## [Task details]
Output all of the lines below exactly, and leave out each image.

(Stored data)
_ _ _ _ _ _ _

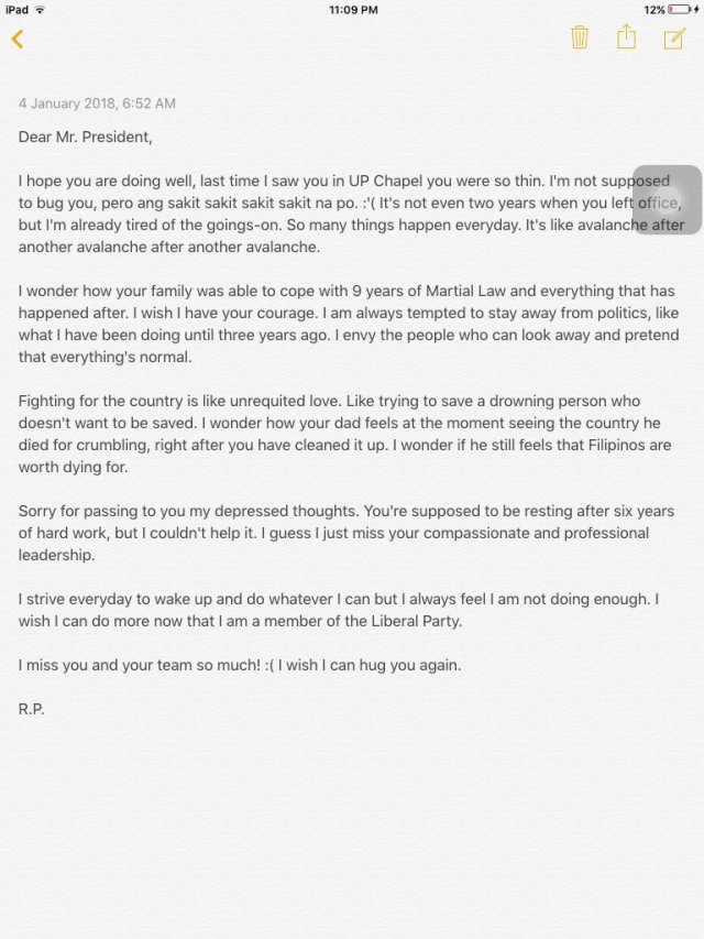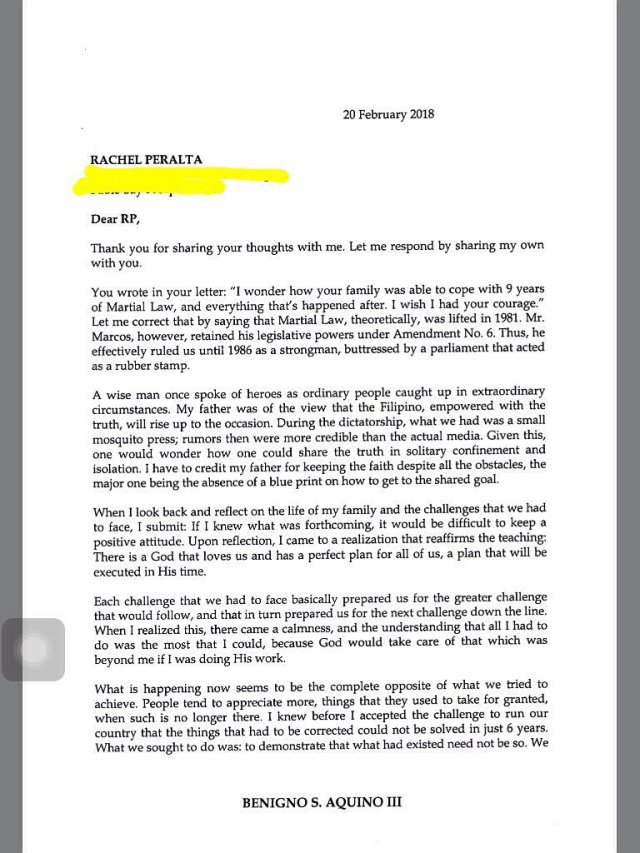 I thank Rachel Peralta for sharing her correspondence with former President of the Philippines, Benigno S. Aquino III, and thank President Aquino for his graciousness in allowing her to handle the correspondence as she wishes. Many of us wonder what the President thinks about things, and here we have new insights. I imagine that critics will criticize. And others will find inspiration. In that regard, we are allowed to define ourselves. JA
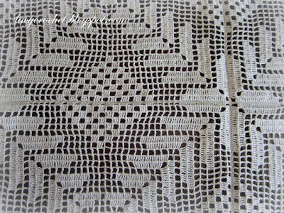 17th Round. Sl st into shell, ch 3, 1 d c, ch 2, 2 d c in same space, ** ch 3, s c in 1st loop of pineapple, * ch 3, s c in next loop, repeat from * 3 times, ch 3, shell in next shell, ch 2, 1 tr c, ch 3, 1 tr c in next loop, ch 2, shell in next shell, repeat from ** all around ending round tocorrespond, join.
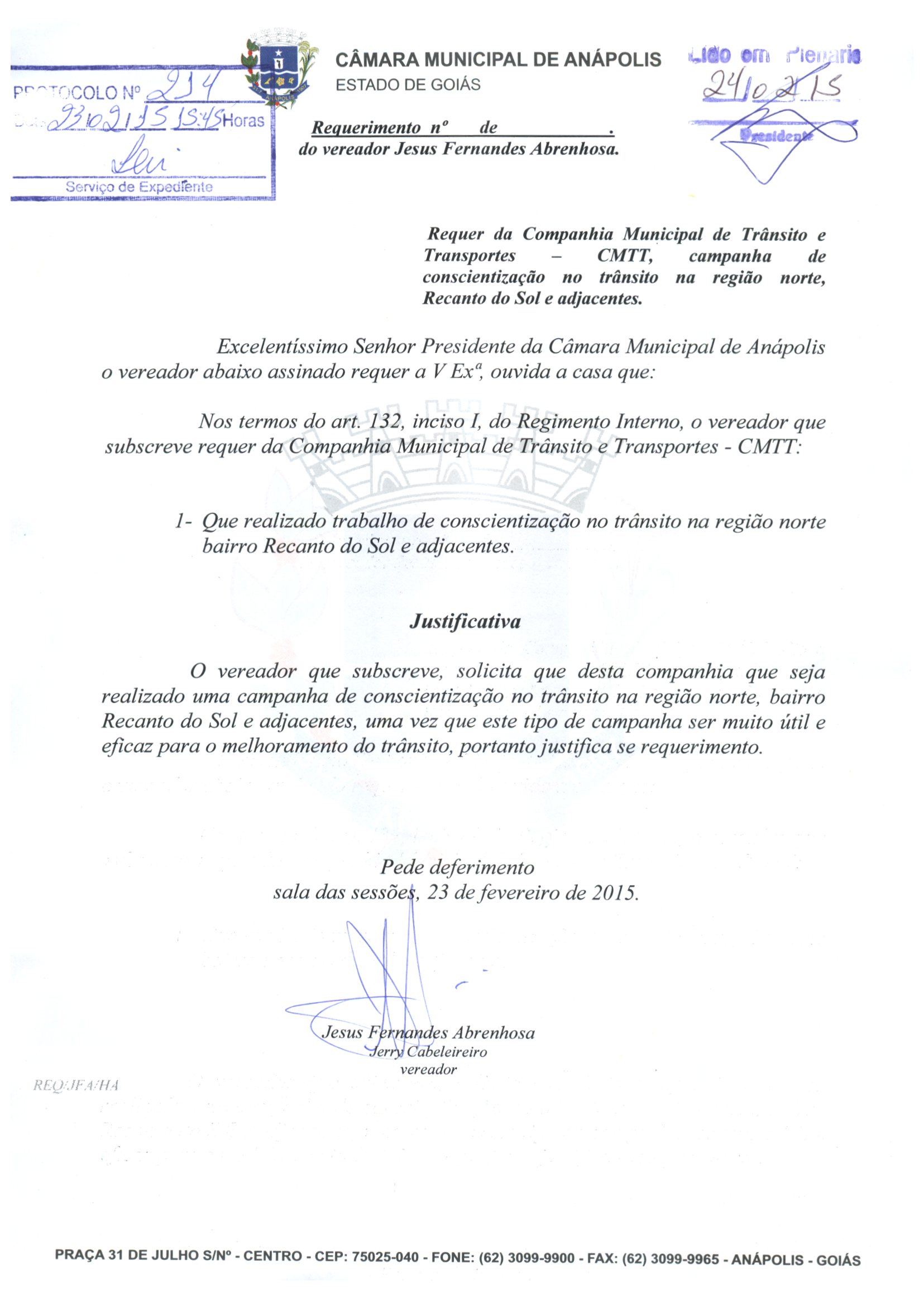 Ementa: NOS TERMOS DO ART. 132, INCISO I, DO REGIMENTO INTERNO, O VEREADOR QUE SUBSCREVE REQUER DA COMPANHIA MUNICIPAL DE TRÂNSITO E TRANSPORTES - CMTT: 1- QUE SEJA REALIZADO TRABALHO DE CONSCIENTIZAÇÃO NO TRÂNSITO NA REGIÃO NORTE, BAIRRO RECANTO DO SOL E ADJACENTES.
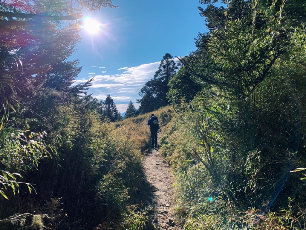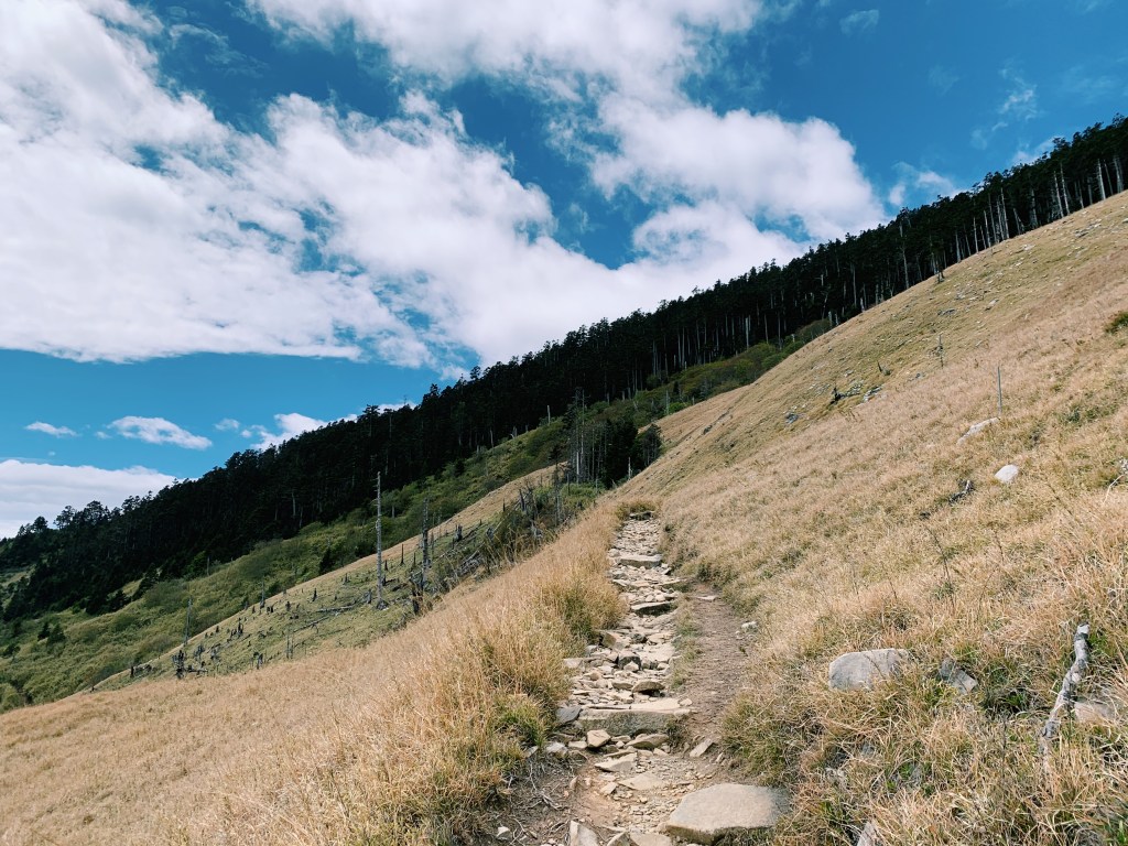從三六九山莊往上沿著草坡的路徑之字坡緩上,這一片白木林是1912年火災焚燒的台灣冷杉. 一片草原延伸往下深綠色的山谷,藍天白雲依舊. 接下來就要進入尋覓長鬃山羊的黑森林了!
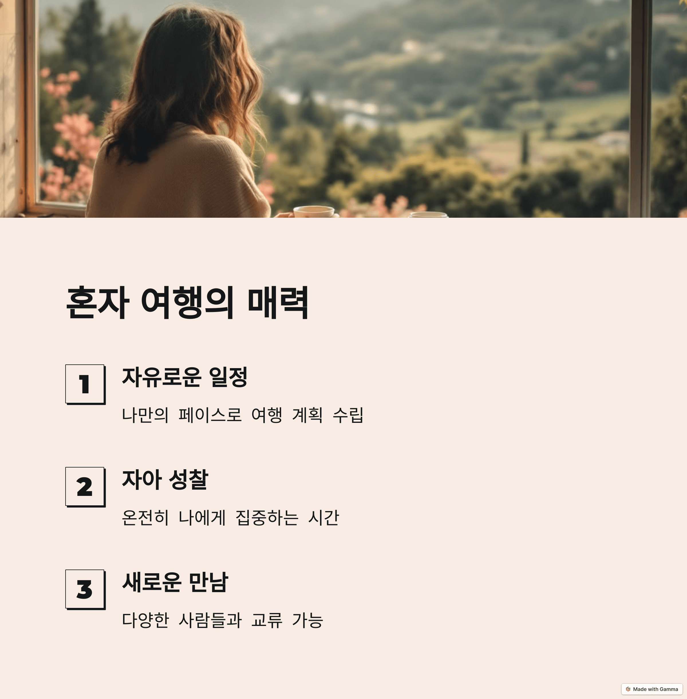 - 1. 혼자 여행의 매력: 왜 떠나야 할까요?

_ _ _ _ _ _ _

## [Answer to this exercise]
 I thank Rachel Peralta for sharing her correspondence with former President of the Philippines, Benigno S. Aquino III, and thank President Aquino for his graciousness in allowing her to handle the correspondence as she wishes. Many of us wonder what the President thinks about things, and here we have new insights. I imagine that critics will criticize. And others will find inspiration. In that regard, we are allowed to define ourselves. JA
 17th Round. Sl st into shell, ch 3, 1 d c, ch 2, 2 d c in same space, ** ch 3, s c in 1st loop of pineapple, * ch 3, s c in next loop, repeat from * 3 times, ch 3, shell in next shell, ch 2, 1 tr c, ch 3, 1 tr c in next loop, ch 2, shell in next shell, repeat from ** all around ending round tocorrespond, join.
 Ementa: NOS TERMOS DO ART. 132, INCISO I, DO REGIMENTO INTERNO, O VEREADOR QUE SUBSCREVE REQUER DA COMPANHIA MUNICIPAL DE TRÂNSITO E TRANSPORTES - CMTT: 1- QUE SEJA REALIZADO TRABALHO DE CONSCIENTIZAÇÃO NO TRÂNSITO NA REGIÃO NORTE, BAIRRO RECANTO DO SOL E ADJACENTES.
從三六九山莊往上沿著草坡的路徑之字坡緩上,這一片白木林是1912年火災焚燒的台灣冷杉. 一片草原延伸往下深綠色的山谷,藍天白雲依舊. 接下來就要進入尋覓長鬃山羊的黑森林了!
 - 1. 혼자 여행의 매력: 왜 떠나야 할까요?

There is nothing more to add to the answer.